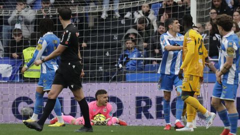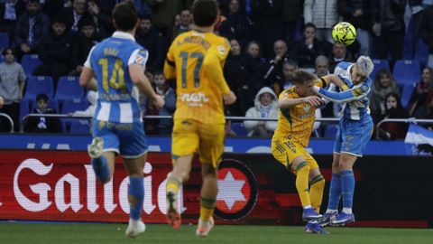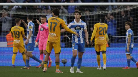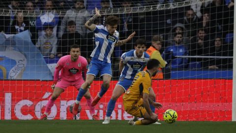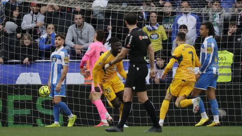 El largo parón por la revisión en las oficinas del VAR enfrió a un Dépor al que costó regresar al partido. Tanto, que a punto estuvo de echar por tierra todo el trabajo anterior. Nada más reanudarse el juego, Lazo pilló desprevenido a Ferllo en un disparo centrado que el meta se quitó de encima como pudo para despejarlo a córner. No acabó ahí la pájara deportivista. Noubi, el mejor de la primera parte, bloqueó el disparo a bocajarro de Jefté y, en el rechace, Vallejo disparó al lateral de la red. En el último suspiro antes del descanso, el colegiado anuló el gol de Valverde por una pugna en el área local con Mella. Pero el Deportivo puso tierra de por medio justo antes de volver a los vestuarios. Javi Villar introdujo el balón en su propia portería tras una buena combinación entre el propio Mella y Alti. El centro de este desde la línea de fondo fue empujado por Javi Villar hacia su propia portería para establecer el 2-0.
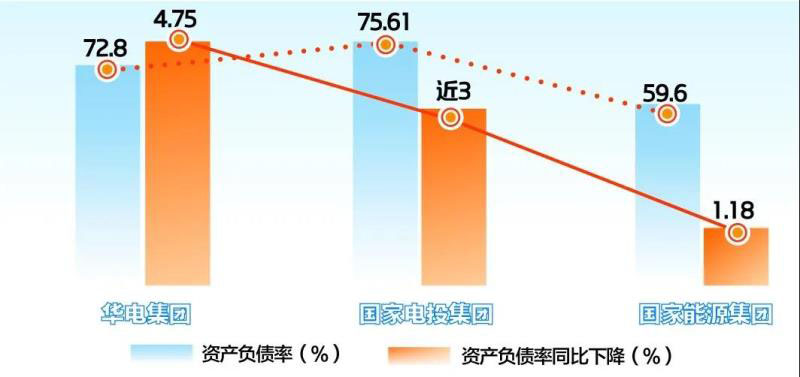 截止到2019年末,國家能源集團資產(chǎn)負債率59.6%,同比降低1.18個百分點,首次低于60%。華電集團資產(chǎn)負債率降至72.8%,同比下降4.75個百分點。國家電投集團資產(chǎn)負債率較年初下降近3個百分點,為75.61%,財務狀況持續(xù)改善。(華能集團、大唐集團數(shù)據(jù)略)
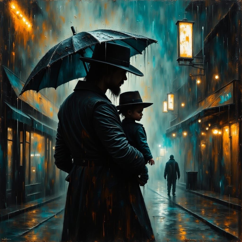 A woman in a fedora stands silhouetted against a neon-lit, rainy cityscape. The scene evokes a noir atmosphere with dramatic contrasts and painterly textures, creating a dreamlike urban quality.
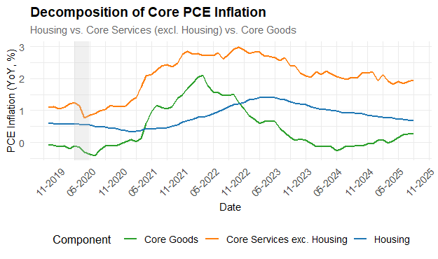 Core PCE inflation into its three main components, displayed in Figure 3.
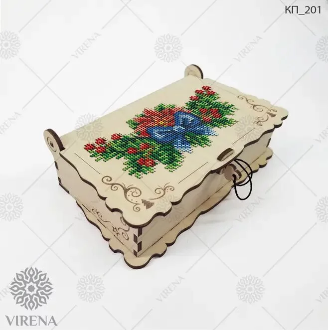 Кришка коробочки містить перфорацію для вишивки бісером.

_ _ _

• About this task
Pictures should be omitted. Please return exactly the lines from the line that holds "Core PCE inflation" through the end of the records.

• Task answer
 Core PCE inflation into its three main components, displayed in Figure 3.
 Кришка коробочки містить перфорацію для вишивки бісером.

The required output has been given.